Scarica il Certificato Faraexcelsior 2011

Qui sotto l'incipit dell'opera vincitrice e quelli delle altre opere segnalate per essere menzionate in questo blog.

 

Magari in un'ora del pomeriggio
 di Davide Valecchi


How huge the world is, and how few in it, and she passed me in the darkness in the forest and I hadn’t know. (John Crowley)

La convalida del tuo sguardo 

Perdono consistenza lentamente
scivolando sulla china del tempo
nella farragine delle parole
certi luoghi che avrei voluto offrirti
solo per una qualità di luce
che investiva il disegno delle ombre
 sui tronchi degli alberi esposti al sole.

Un’idea di comunione segreta
costruita intorno a una tua presenza possibile
in un fragile sistema
di coincidenze si fa nebulosa
e svanisce.
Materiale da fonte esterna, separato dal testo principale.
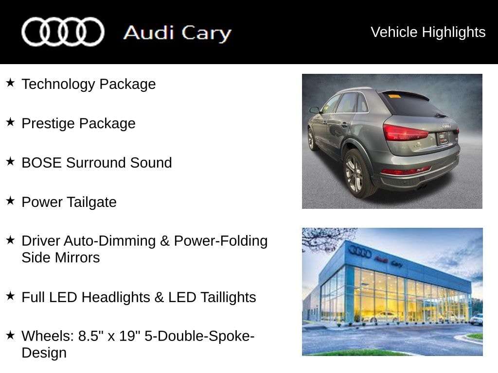 Monsoon Gray Metallic 2016 Audi Q3 2.0T Prestige quattro 6-Speed Automatic with Tiptronic 2.0L 4-Cylinder TFSI quattro CARFAX One-Owner. BOSE Surround Sound, Driver Auto-Dimming & Power-Folding Side Mirrors, Full LED Headlights & LED Taillights, Power Tailgate, Prestige Package, Technology Package, Wheels: 8.5" x 19" 5-Double-Spoke-Design.

Con la dovuta calma.

***

La dolcezza del vento in questi giorni
sembra portare notizie di te
in una lingua che non posso intendere.
Il piano astrale dove sei adesso
ha punti di contatto con il nostro
e negli istanti della congiunzione
riesco a percepire il cambiamento
al centro delle entità quotidiane,
fuori dal dominio delle parole.

***

Magari in un'ora del pomeriggio
anche nel luogo dove sei adesso
sopra le pietre più esposte si posa
un annuncio della fine del giorno:
questa stessa aria di luce arancione
che colgo ritornando sui miei passi
procedendo in direzione contraria
al tuo sguardo.

I contorni di ogni cosa si accendono
di una grazia inesorabile e quieta
solo per qualche minuto di gloria
che forse non ti comprende nemmeno.

***

Anche senza avere niente in cambio
ho voluto vedere l'arcobaleno
che ti ha visitato a metà del giorno,
nonostante fossi dall'altra parte,
al principio o alla fine della curva.

Ogni dettaglio dell'iridescenza
è rimasto fisso nei nostri occhi
per istanti esatti, ma solo tu
hai ascoltato e compreso una lingua
di cui non possiedo alcuna nozione.

***

Adesso ogni cosa che hai lasciato
nei luoghi del tuo transito terreno
ha il nome di occorrenze naturali.
A stento riesco a cogliere gli atomi
di buio nascosto nell'apparenza
dei boschi, dei campi e delle foglie.

Solo i pensieri sono sufficienti
a volte ad evocare simulacri
di percorsi appena definiti
che subito svaniscono posando
lontano da altri sguardi
i gusci morti dei desideri.

(…)

Opere segnalate

• Frammenti di sale di Mariangela De Togni (Piacenza)

È una silloge significativa già dal titolo, in cui il sostantivo “sale” che evoca memorie evangeliche indica l’intendimento di dare un senso alle parole poetiche che sia umanamente rilevante e spiritualmente connotato. Sono infatti liriche di forte tensione spirituale, in cui lo spunto di solito naturalistico diventa occasione di superamento del limite espressivo umano in una prospettiva in cui la natura si fa rivelatrice di mistero e veicolo di trascendenza. Sono liriche di ariosa musicalità, in cui immagini originali ed efficaci sinestesie si compongono in un tessuto poetico comunicativo grazie alla costante tenuta sintattico-concettuale del testo. (Rosa Elisa Giangoia)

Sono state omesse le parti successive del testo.